Baseball is being played again, and it feels great. But do the Grapefruit and Cactus varieties of America’s Pastime really matter? More specifically, do team records and player statistics from Spring Training actually correlate to regular season success?
We all want to go crazy over Dominic Smith’s batting average, or be upset at Zack Wheeler’s ERA, but often these outliers get shrugged off with the phrase, “it’s only spring.” However, these are real baseball games being played, and one may ask how can they not correlate? Let’s just see what the numbers have to say.
You can see that there was a slight positive correlation between a team’s Spring Training record and Regular Season record last year. But we all know correlation does not mean causation, and with the linear regression model only having a slope of 0.35 this is a weak correlation at best. A strong relationship would have a slope closer to a 1:1 ratio. Also, the r-squared value shows that only 9% of the data set is explained by the linear relationship, making this scatter plot more scatter and less of a real trend. The orange dot by the way was the Mets in 2018.

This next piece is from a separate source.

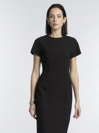 Выбрали для платья лаконичный крой - длину ниже колена, круглый вырез и потайную молнию сзади. Модель мягко облегает тело, а небольшой разрез сзади обеспечивает удобство при ходьбе.

So, team records in spring are not crystal balls to regular season winning percentages, but teams aren’t really playing to win in Spring so this makes sense. Teams are playing to a) practice for the upcoming season and b) to see who makes the team for opening day. Spring is more about the success of individual players than the success of the team.
This proves to be false as well, with another weak relationship between spring success and regular season success. Unfortunately, there were only 39 hitters who qualified for both the Spring and Regular season (the Mets lone representative is the orange dot Brandon Nimmo).
Brandon Nimmo being the only Mets qualified hitter raises a good point about who is playing in these Spring Training games. Paul Goldschmidt did not have enough plate appearances to qualify in last year’s spring season; however, his former teammate Kristopher Negron did. Not heard of Negron? It’s probably because he had a grand total of three plate appearances for the Diamondbacks while playing most of the year in Reno before being shipped to Seattle. These are the type of players playing the bulk of spring games. Remember Nimmo was a 4th outfielder at best this time last year.
Only 40 pitchers reached the number of innings to qualify for 2018 Spring Training, and many of them failed to qualify in the regular season making the sample size for pitching too small. This just further shows that Spring Training is for the 25th men on the rosters, not the stars.
So why do we obsess over these “meaningless” stats? The answer is that while they do not have much of a correlation to regular season success, they matter for the players trying to make the team making them matter to us.
We love rooting for players to succeed because frankly baseball is all too often an overly difficult, unfair, and just plain cruel sport. Players can hit a ball 100 mph directly into the third basemen’s glove, or a pitcher can paint the outside corner but the ball still leaves yard. Freak injuries can happen right as a hot streak starts. But when an unproven player finally overcomes the odds makes it to the big leagues it excites the fans. That might be what we are seeing with Smith, so his 1.2615 OPS is very meaningful in a sense, a sense of hope only found when “it’s only spring.”
Thanks for actually using stats to show things here. Often times baseball confuses stats and metrics, with very little statistical analysis of data.
I think it was Collins that said overall numbers in March and September mean almost nothing.
It is also worth noting the level of data and relevance to the desired characteristic being assessed. Duda was the classic performer when things were out of reach. I created a weighted scoring/tracking system a few years back where value was measured against the leverage of the situation. A solo home run in the 9th with a 5 run lead means less than a single with runners in scoring position in a tie game in the 6th.
By the way, the worst thing about the second plot is that the R^2 is being driven by a small number of spots on the fringes. If you got rid of the 2 points with reg season ops >1 and the ST ope at .4 then refit the data I bet it would be worse. Not great for outliers to control the fit.
Good to know for next time thank you Chris!
A more interesting question to me is how a ST sample compares to one of the same (or larger) size from the regular season.
We know that it takes well over 400 PA for OBP numbers to stabilize, so there’s not any point judging ST OBP numbers. Most numbers need well over 100 PA. If I remember right, K rate is one of the few that takes under 100 PA to stabilize. So, we might be able to infer changes in K rate from ST numbers, if ST numbers compare to ones from the regular season.
Last Spring, Nimmo had a 25.7 K% in 70 PA in ST, slightly down from his 27.9 rate in the majors in 2017. During the regular season, he had a 26.2 K%. In this one isolated case, ST numbers were reliable. But we would need to try multiple player on multiple teams from multiple seasons.
For those of you old enough to remember. In late 80s early 90s. Darren Reed played like Ted Williams in spring training but was a bust when got the call.
I’ll tell ya one spring training metric I dont like: the defense is horrific, absolutely putrid. The errors today sickening.